It's funny that you think a 680 would be a down grade to you. Power consumption would be wayyyyy lower and since that is one of the 3 things you bash the 7970 for, it must be important to you.
You would have higher vram allowing for heavy mods in Skyrim and such.
I also imagine you would have smoother frame rates and probably higher minimums too.
Out of curiousity, what does a heavily overclocked 470 consume for watts?
Performance would be halved though, I can't really justify losing half my frame-rates, not when overall it will cost me considerably more to own just one.
I haven't played Skyrim since I beat it a month after it released, I ran a few good mobs in triple and a ton at 1080p, but that ship has sailed and I've moved on to other games. Perhaps in another 3-6 years this will be a valid point.
You'd be imagining wrong though, don't confuse SLI with CF.
Well I ran two 470s at 950 core with an i5-2500k at 5.2GHz for a very long time on a 840 rail. Assuming the i5 was pulling around 300, that leaves around 540 watts for the two 470s to play with, so around 270 watts each?
Nobody wants to hear the Fermi type logic against the 7970, which isn't surprising when you hear your own logic spoken back to you used on a product you support it starts making less sense.

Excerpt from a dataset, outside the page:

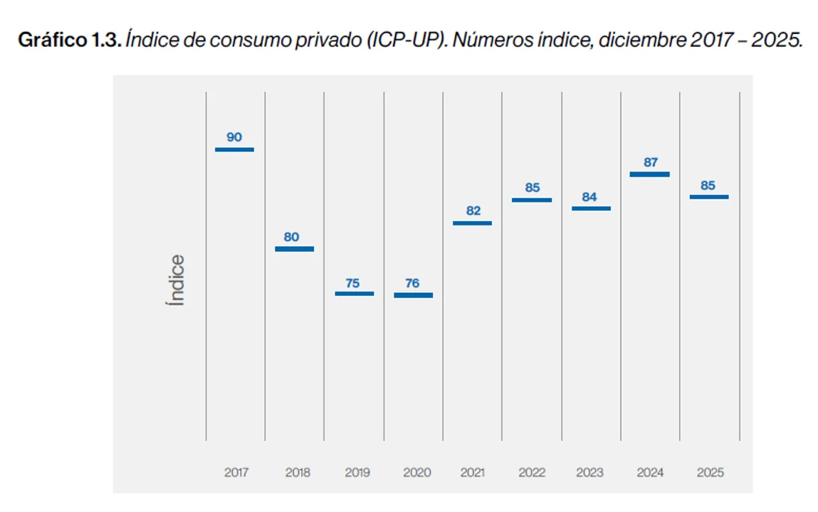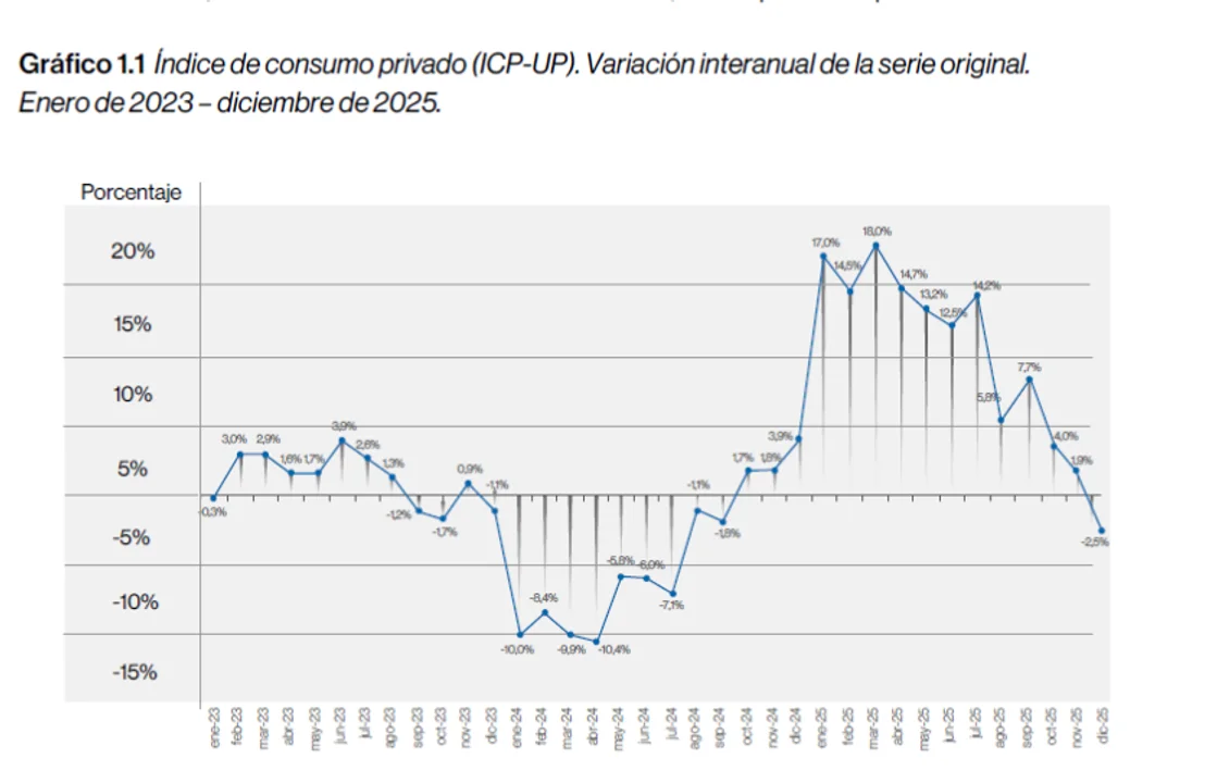 Las cifras corresponden al Índice de consumo privado (ICP-UP) que elabora la Universidad de Palermo (UP). De acuerdo a esta evaluación, el consumo privado bajó 1,0% en diciembre con respecto al mes anterior. Fue la tercera caída intermensual consecutiva.

So let's instead talk about what purpose this card serves, it's a card for multi gpu, multi screen setups. Has AMD ever figured out their MS woes with 7 series? Not the last time I checked, so what purpose does this hardware serve when the the story behind AMD has been and seemingly always will be good hardware with poor software support?
It's a brave world out there, I'm just not sure the people praising it actually are the people who would even consider the card in question in the first place.
Edit: How many people in this thread are 3+ card users with 3+ screens? That's what this cards intended audience is.